The following table shows the results (70%) of 230 students in introduction to statistics (AMU-2011 E.C). The median and mode of the results are 33.5 and 34 respectively.
Marks
Number of students
0-9
4
10-19
16
20-29
f3
30-39
f4
40-49
f5
50-59
6
60-69
4
Determine the following
The missing frequencies
To determine the missing frequencies, we need to first calculate the total number of students who scored between 20-29 and 30-39.
From the given information, we know that the median score is 33.5. This means that 50% of the students scored below 33.5 and 50% scored above it.
Since the median is between the scores of 30-39, we can assume that 50% of the students scored between these two ranges. Therefore, the total number of students between 30-39 is half of the total number of students, which is 230/2 = 115.

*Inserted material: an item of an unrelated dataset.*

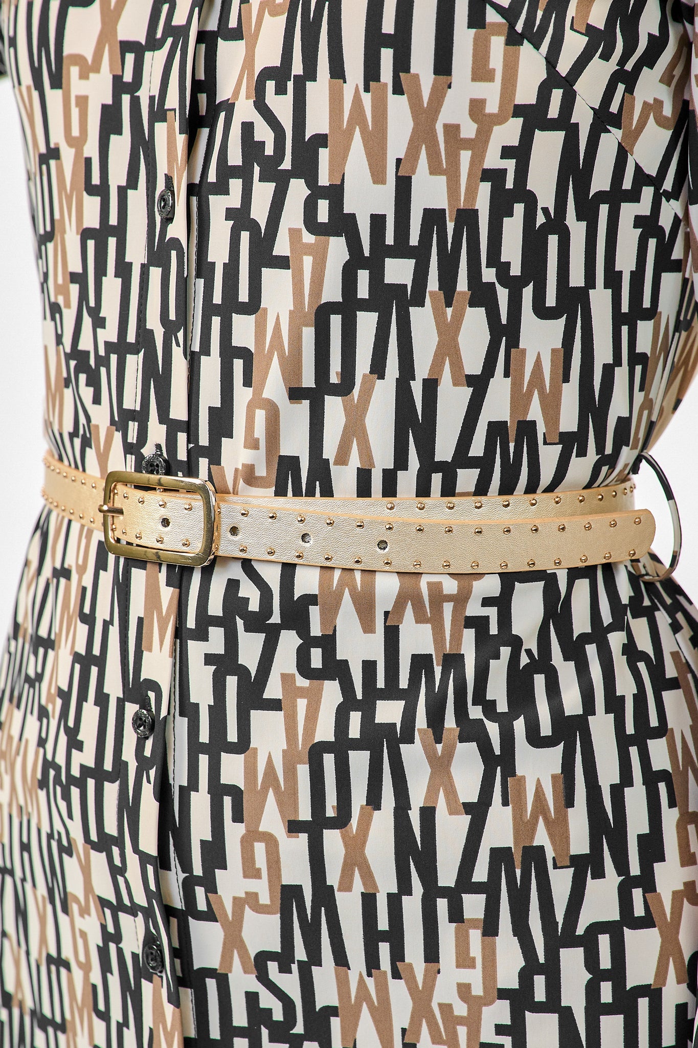 De Amine riem heeft een gouden gesp en heeft sierlijke steentjes.
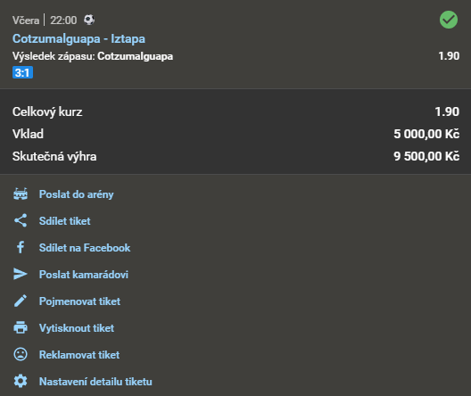 Název doporučeného tipu Kurz Datum a čas Náš tip Analýza Výsledek Fotografie tiketu Při sázce

Now, let's calculate the total number of students who scored between 20-29. We know that the mode score is 34, which means that the highest number of students scored 34.
From the given table, we can see that the number of students who scored 40-49, 50-59, and 60-69 is 5, 6, and 4 respectively. Since the mode is 34, the lowest score where the highest number of students scored, these scores are above it.

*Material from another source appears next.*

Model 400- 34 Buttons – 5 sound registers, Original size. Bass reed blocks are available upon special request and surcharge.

Therefore, we can assume that the total number of students who scored between 20-29 is the sum of these three numbers, which is 5 + 6 + 4 = 15.

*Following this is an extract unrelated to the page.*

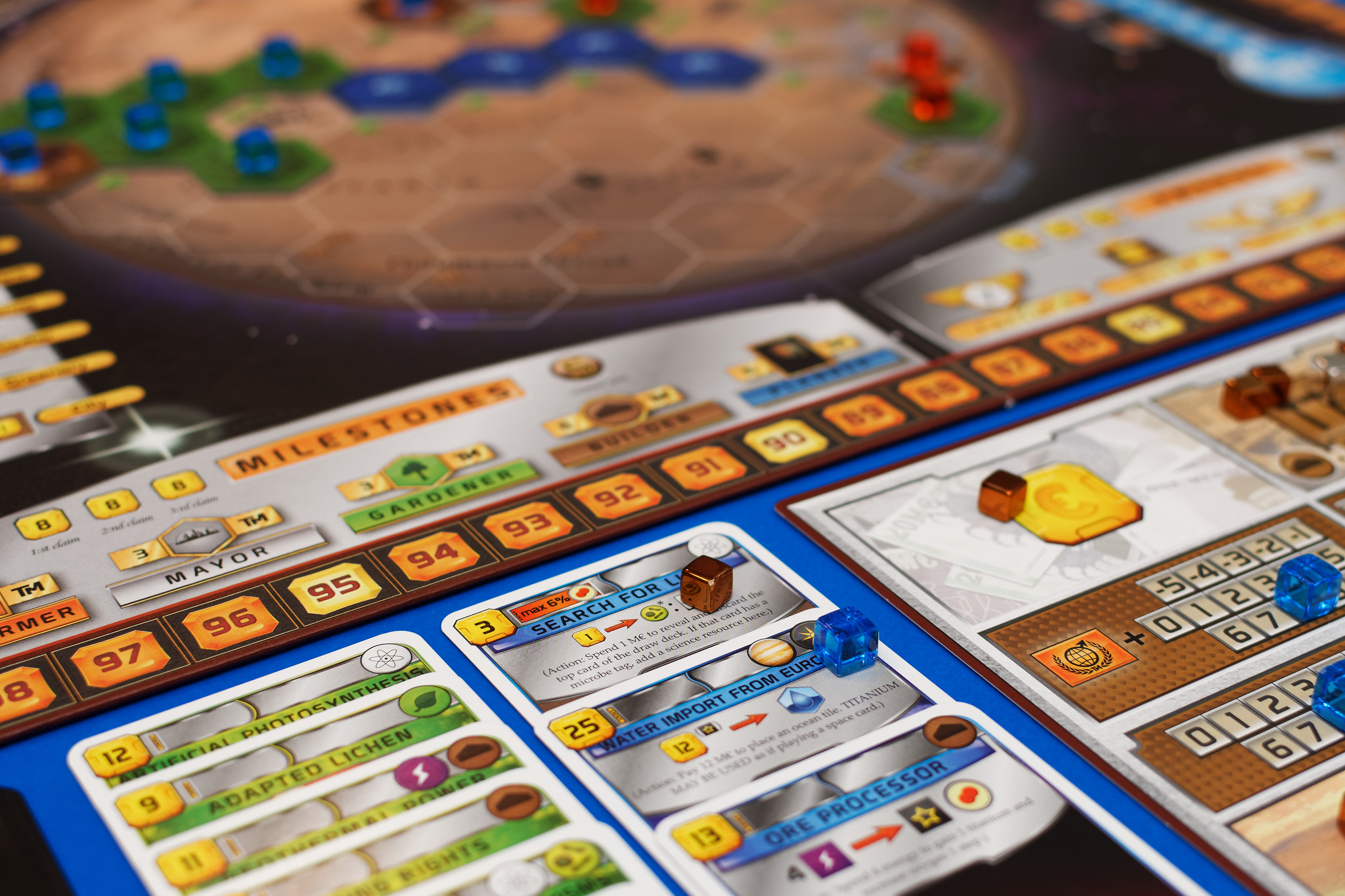- Managing resources to perform ‘projects’ – Terraforming Mars. In this game, global warming is a positive outcome, not a problem, but it is the management of resources to implement projects that is interesting here. Project cards are used by many sustainability learning games, such as The SDG 2030 game – mentioned in another article this month. This kind of project mechanic – implemented by ‘buying’ and playing projects is especially useful for corporate learning as this can be adapted to reflect the way that learners actually work in their jobs. Imagine creating a game to simulate the implementation of sustainability projects within their business. The science behind the projects is also sound and well represented within the game. A really interesting aspect is that some projects can only be played once certain planetary conditions are met – a mechanism that I found very useful when recently creating a ‘planetary boundaries/tipping points’ learning game.

Now, we know that the total number of students between 20-29 and 30-39 is 15 + 115 = 130.
To find the missing frequencies, we subtract the number of students in each score range from this total, and then divide by 10, since each frequency class represents a range of 10 marks.
For the 20-29 score range: Missing frequency = (130 - 15) / 10 = 11
For the 30-39 score range: Missing frequency = (130 - 115) / 10 = 1
So, the missing frequencies are 11 for the 20-29 score range and 1 for the 30-39 score range.